# What is expected
Find the line with "в левой колонке." in the data below. Repeat it and every line after it exactly, but not the pictures.

******

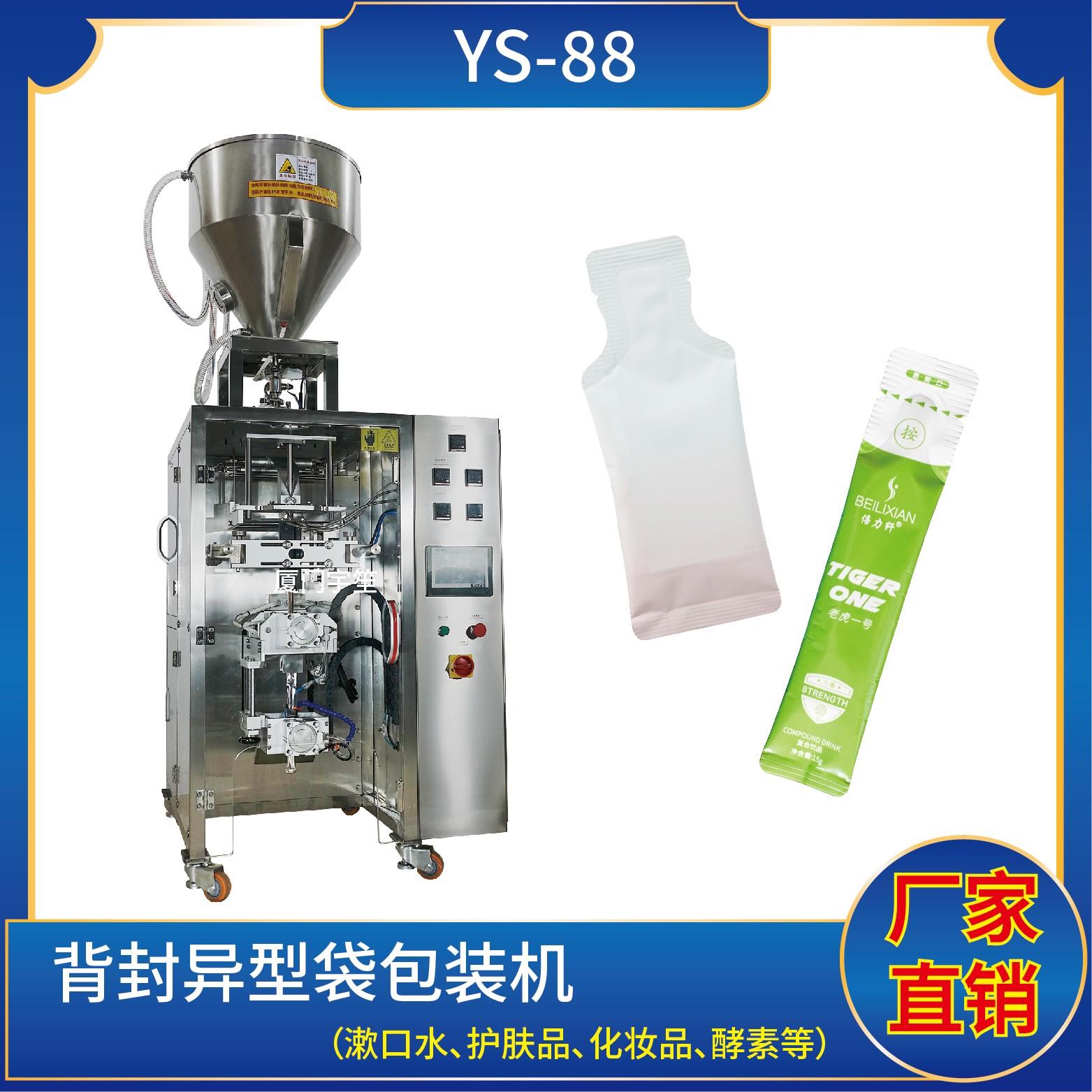 YS-65JL 異型袋包裝機(jī)特 點(diǎn) 1、適用于食品、醫(yī)藥、化工、化妝品行業(yè)中液體、醬料等物品的計(jì)量包裝。2、可自動(dòng)完成制袋、計(jì)量、下料、封合、分切、計(jì)數(shù)、且可根據(jù)客戶要求配置打印批號(hào)等功能。3、觸摸屏操作,PLC 控制,驅(qū)動(dòng)步進(jìn)電機(jī)控制袋長,性能穩(wěn)定、調(diào)整方便、檢測準(zhǔn)確。智能式溫控儀,PID調(diào)節(jié),保證將溫度的誤差范圍…
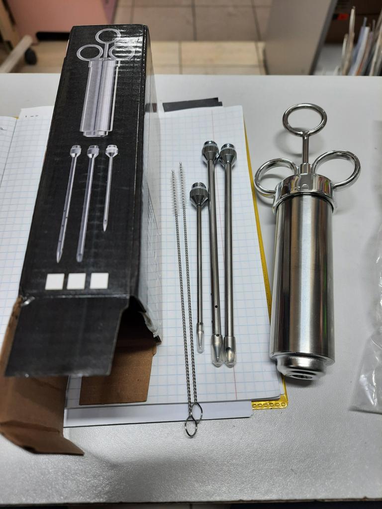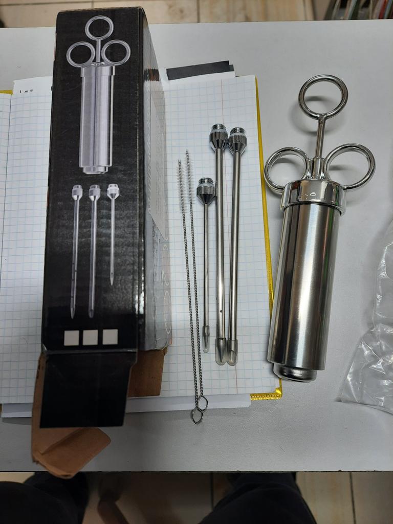 Liked the syringe. Quite large. 3 different needles with different bores. There are spare rubber gaskets for the needles and plunger. 2 brushes for cleaning the needles. The product is good. I recommend it.
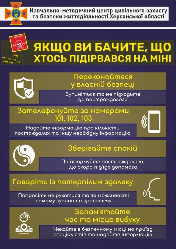 Якщо ви помітили людину з ознаками мінної травми, головне — не наближайтесь та не намагайтесь допомогти пораненому самотужки, інакше ви ризикуєте теж натрапити на міни.
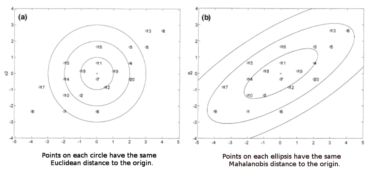Compared to the Euclidean distance, the Mahalanobis distance takes into account the spatial distribution of the neighboring points (see example for 2D space below). In 3D space, Euclideon distance would be equal for all axes in the symmetrical spheres, while for the Mahalanobis distance, this gets adjusted to ellipsoidal spheres depending on the spatial distributions calculated.
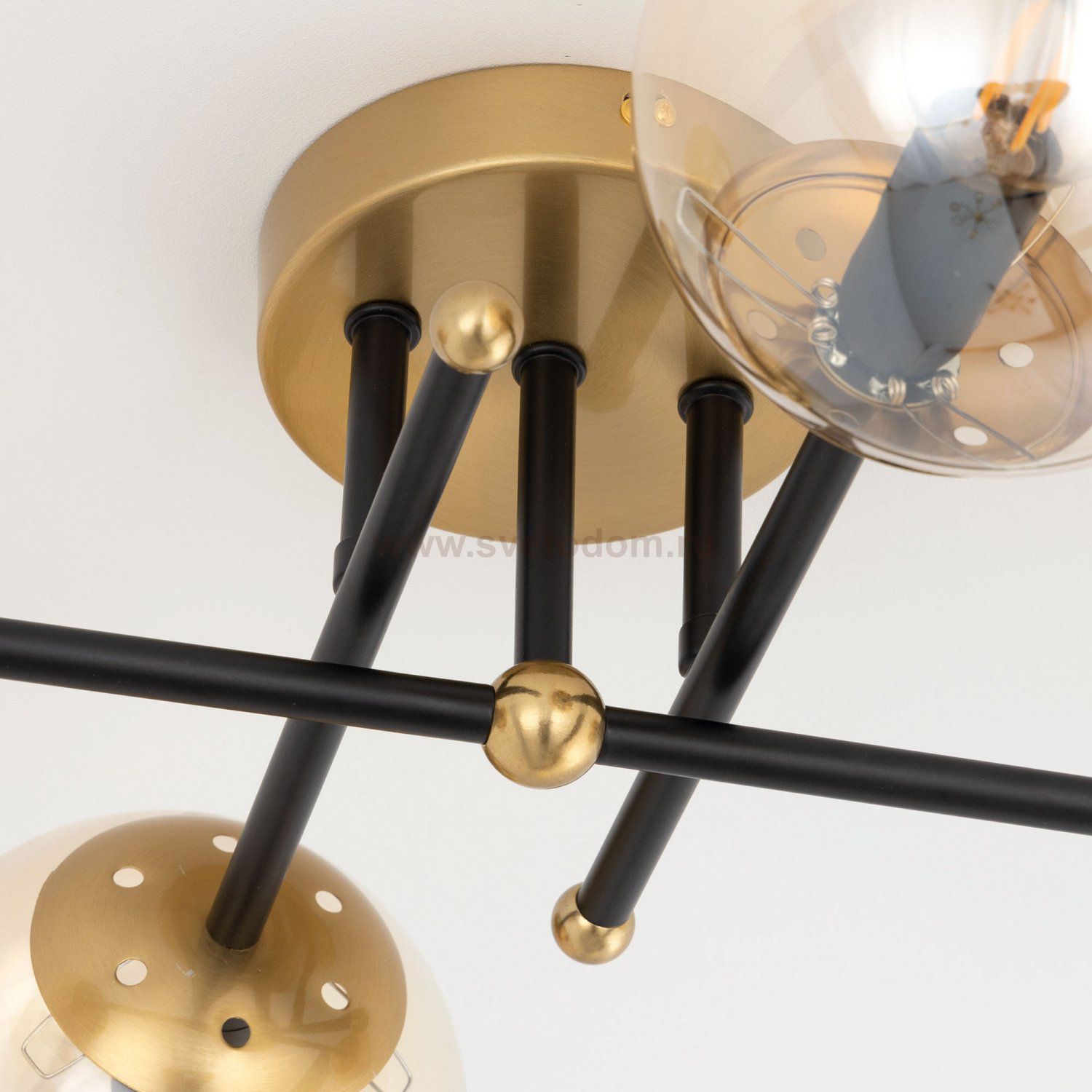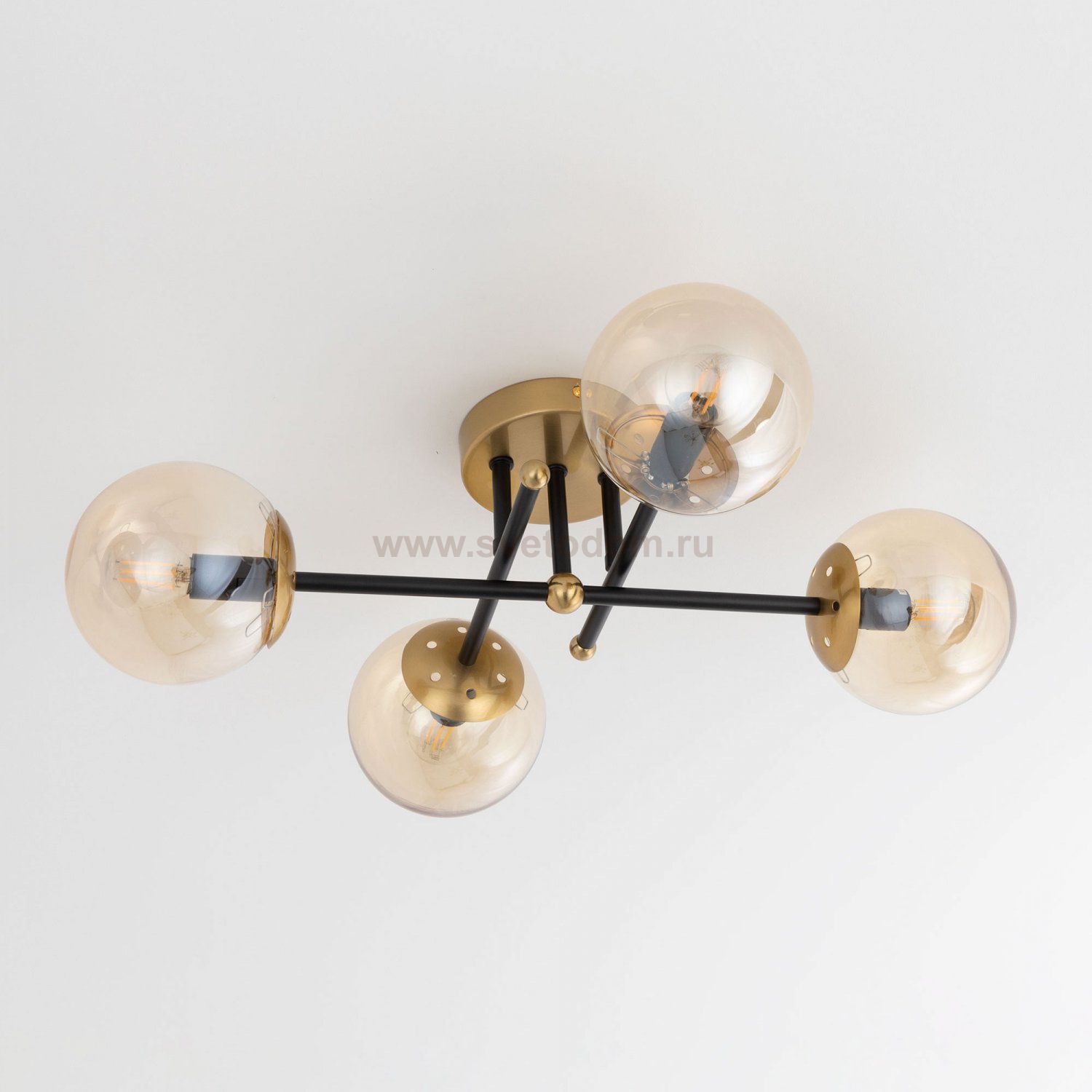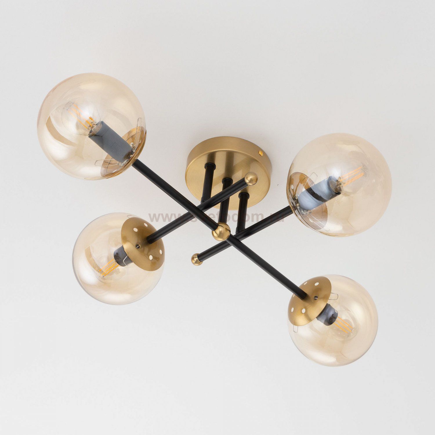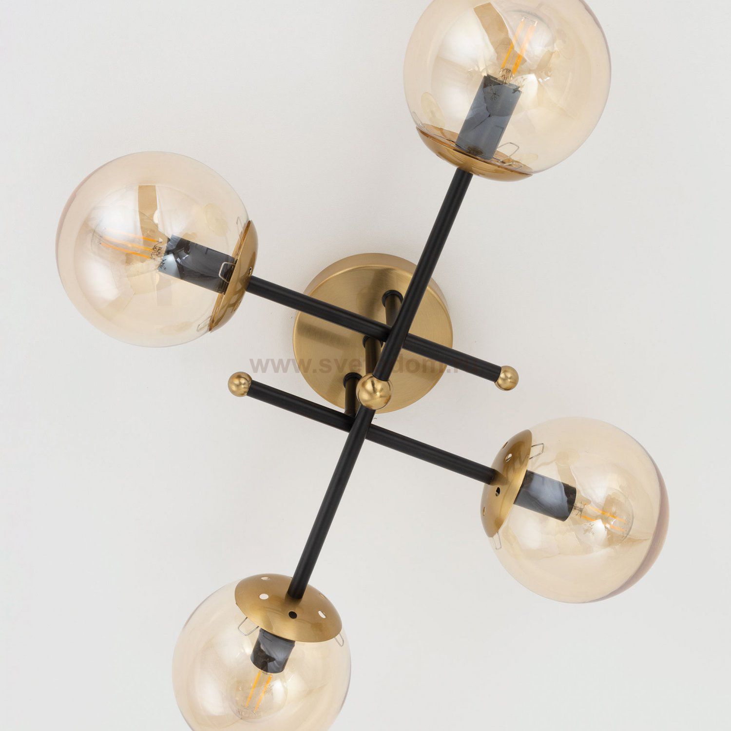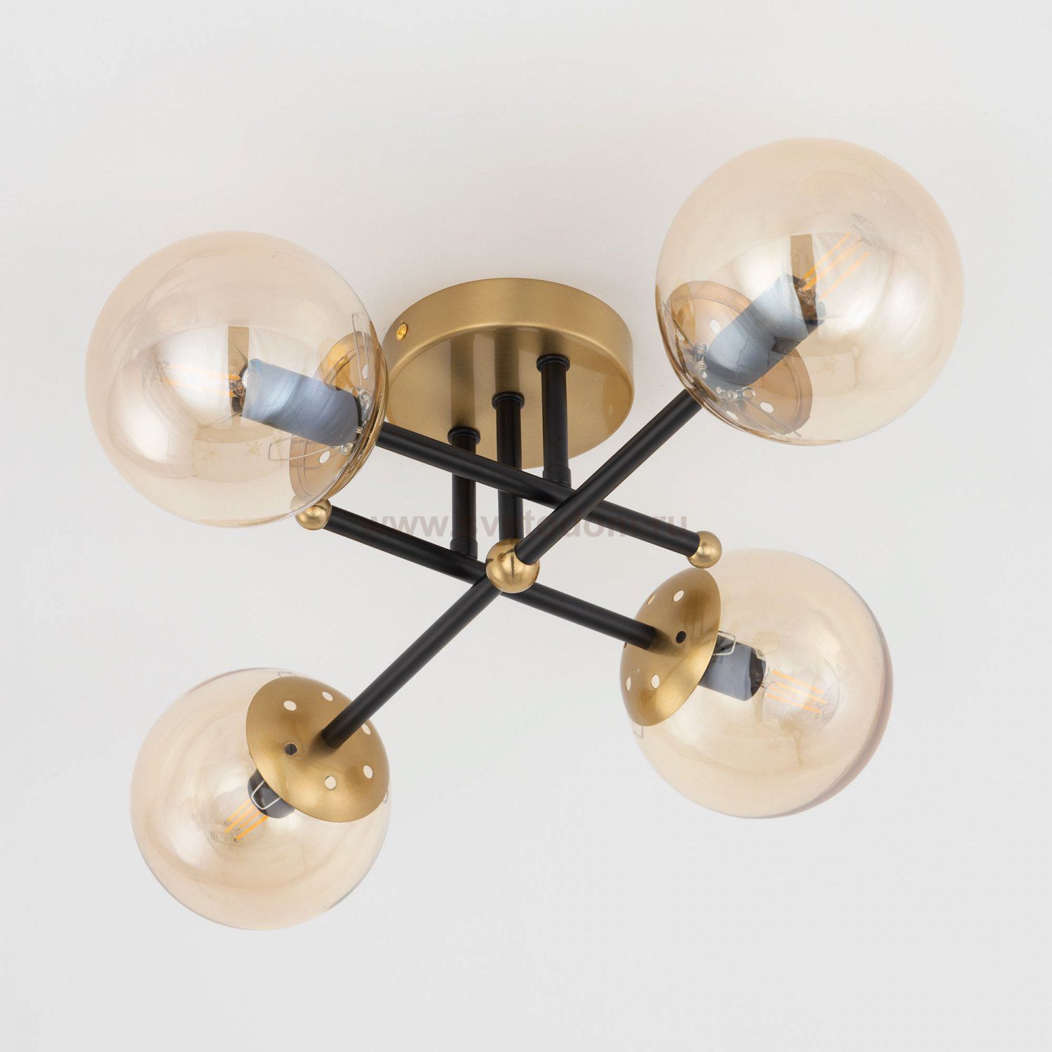 Стильная потолочная люстра Citilux Памела CL144145 для модных интерьеров, оформленных в стиле сканди, модерн или лофт. Корпус светильника металлический, цвет – сочетание чёрного и бронзы. Основание круглое, рожки-штанги расположены параллельно потолку. Плафоны в форме шара, изготовлены из прозрачного стекла светло-янтарного оттенка. В изделии используются 4 лампы с цоколем Е14, максимальной мощностью для ламп накаливания 40Вт. Светодиодные лампы можно устанавливать более яркие. Подходит для всех типов потолков, в том числе натяжных, тип крепления – планка.
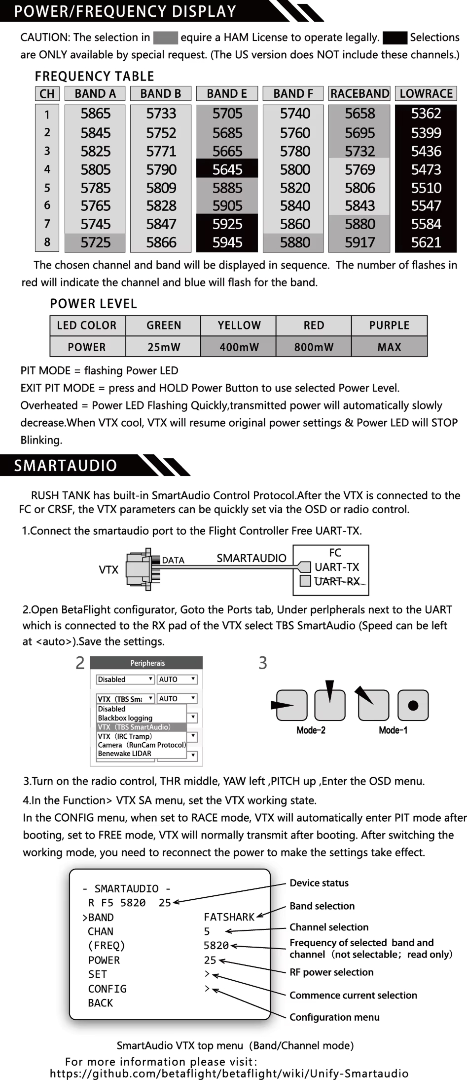 Зовнішнє керування: SmartAudio V2.1 (ліцензія TBS)
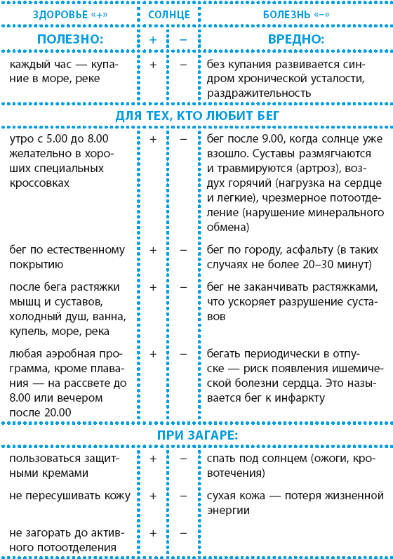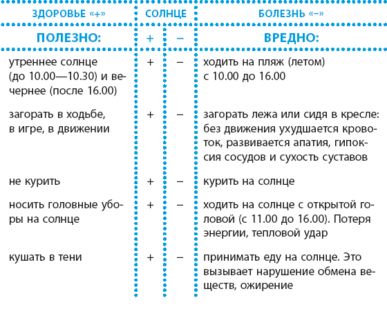 Правила безопасного «общения» с солнцем для активных людей приведены в таблице «+» в левой колонке.
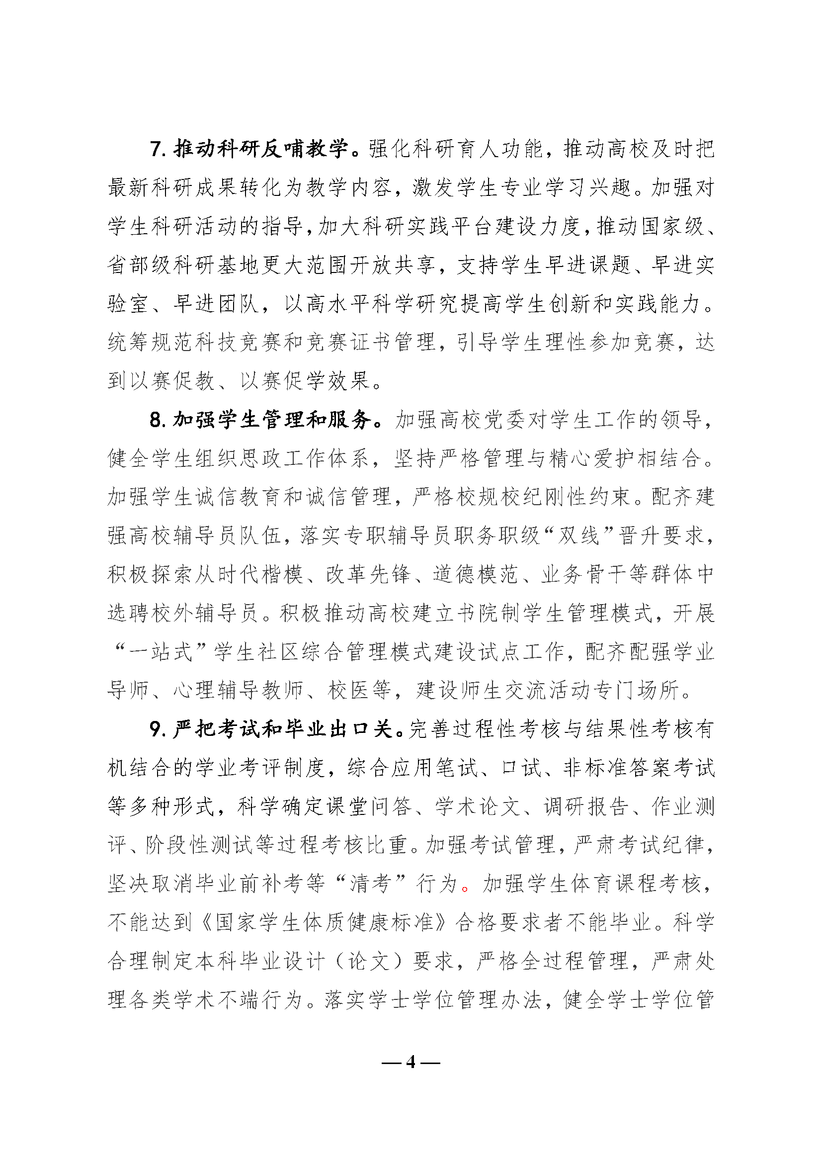 教育部关于深化本科教育教学改革全面提高人才培养质量的意见(教高〔2019〕6号

******

# Reply to the task
 Правила безопасного «общения» с солнцем для активных людей приведены в таблице «+» в левой колонке.
 教育部关于深化本科教育教学改革全面提高人才培养质量的意见(教高〔2019〕6号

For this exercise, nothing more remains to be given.